[Opening The records section]
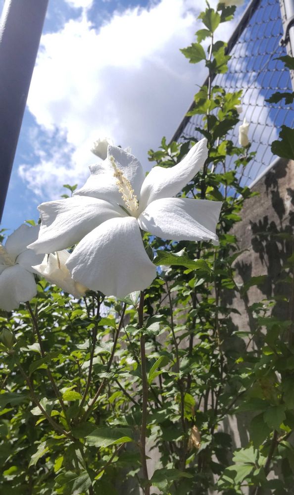 行く雲に 負けじと飛ぶか 白ムクゲ
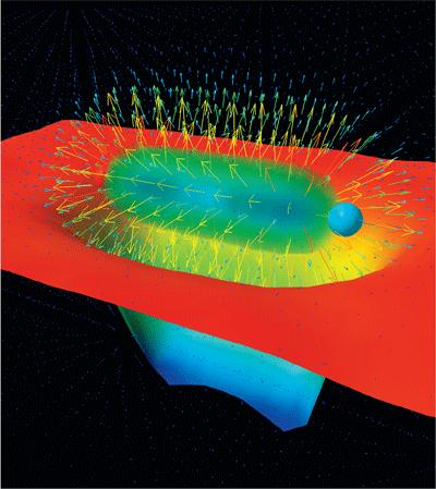 Илл. OO. «Силовые линии», говоря языком Фарадея, которые соединяют кварк и антикварк, образуют плотную трубку. Эта трубка представляет поток цветового электрического поля, который течет от источника-кварка к поглощающему его антикварку. Поскольку глюоны, которые образуют цветовые электрические поля, «клейкие», они связываются вместе. Это явление – ключ к удержанию кварков
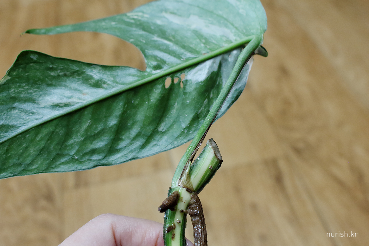 이렇게나 잘 자랐다. 구멍잎도 나고 찢잎도 나고 벌브도 두꺼워지고. 단지 아쉬운 건 무늬, 무늬, 무늬ㅠㅠ 초록인지 바리에가타인지 알 수가 없네. ㅋㅋㅋ 줄기가 지지대 넘어서면서 새잎은 동강 부러지고ㅠㅠㅋㅋ 지지대를 더 긴 걸로 바꿀까 어쩔까 하다가 무싱이랑 같이 과감하게 커팅 도전해 보기로 했다. 무늬 자극도 주고, 촉 여러 개 만들어서 풍성하게 키워야지.
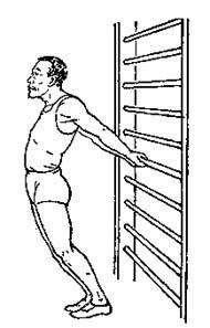 三是拱:即拱腰锻炼。双手扶墙壁或其它物,身体与被扶物要有适当距离。双脚叉开与肩同宽,先稍用力以中等速度向前拱腰向后拱腰,做完前后方向的拱腰为一次,每日做两次,每次做36下。
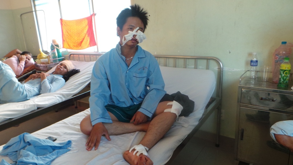 Nạn nhân nhập viện trong tình trạng phần mặt bị hai vết rách phải khâu 8 mũi, phần trán bị sưng, tay và chân có nhiều vết trầy xước.
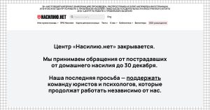 Помогающий пострадавшим от домашнего насилия проект «Насилию.нет» (организация была создана десять лет назад, в декабре 2020 года Минюст признал ее иностранным агентом) объявил, что с 30 декабря перестанет принимать заявки на получение помощи. Текст об этом «Насилию.нет» разместил на своем сайте. В 2021-м организацию дважды штрафовали на 300 тыс. рублей за отсутствие маркировки иноагента в публикациях. В июне команда сообщала о финансовых трудностях и сокращении работы.
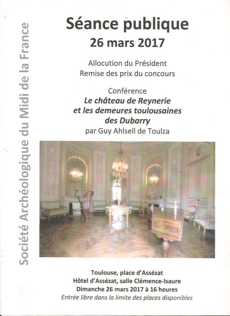 26 Mars 2017 – Le château de Reynerie et les demeures toulousaines des Dubarry. (Guy Ahlsell de Toulza)
[Closing The records section]
To do:
Quote each entry above verbatim and drop the pictures.

Response for this exercise:
 行く雲に 負けじと飛ぶか 白ムクゲ
 Илл. OO. «Силовые линии», говоря языком Фарадея, которые соединяют кварк и антикварк, образуют плотную трубку. Эта трубка представляет поток цветового электрического поля, который течет от источника-кварка к поглощающему его антикварку. Поскольку глюоны, которые образуют цветовые электрические поля, «клейкие», они связываются вместе. Это явление – ключ к удержанию кварков
 이렇게나 잘 자랐다. 구멍잎도 나고 찢잎도 나고 벌브도 두꺼워지고. 단지 아쉬운 건 무늬, 무늬, 무늬ㅠㅠ 초록인지 바리에가타인지 알 수가 없네. ㅋㅋㅋ 줄기가 지지대 넘어서면서 새잎은 동강 부러지고ㅠㅠㅋㅋ 지지대를 더 긴 걸로 바꿀까 어쩔까 하다가 무싱이랑 같이 과감하게 커팅 도전해 보기로 했다. 무늬 자극도 주고, 촉 여러 개 만들어서 풍성하게 키워야지.
 三是拱:即拱腰锻炼。双手扶墙壁或其它物,身体与被扶物要有适当距离。双脚叉开与肩同宽,先稍用力以中等速度向前拱腰向后拱腰,做完前后方向的拱腰为一次,每日做两次,每次做36下。
 Nạn nhân nhập viện trong tình trạng phần mặt bị hai vết rách phải khâu 8 mũi, phần trán bị sưng, tay và chân có nhiều vết trầy xước.
 Помогающий пострадавшим от домашнего насилия проект «Насилию.нет» (организация была создана десять лет назад, в декабре 2020 года Минюст признал ее иностранным агентом) объявил, что с 30 декабря перестанет принимать заявки на получение помощи. Текст об этом «Насилию.нет» разместил на своем сайте. В 2021-м организацию дважды штрафовали на 300 тыс. рублей за отсутствие маркировки иноагента в публикациях. В июне команда сообщала о финансовых трудностях и сокращении работы.
 26 Mars 2017 – Le château de Reynerie et les demeures toulousaines des Dubarry. (Guy Ahlsell de Toulza)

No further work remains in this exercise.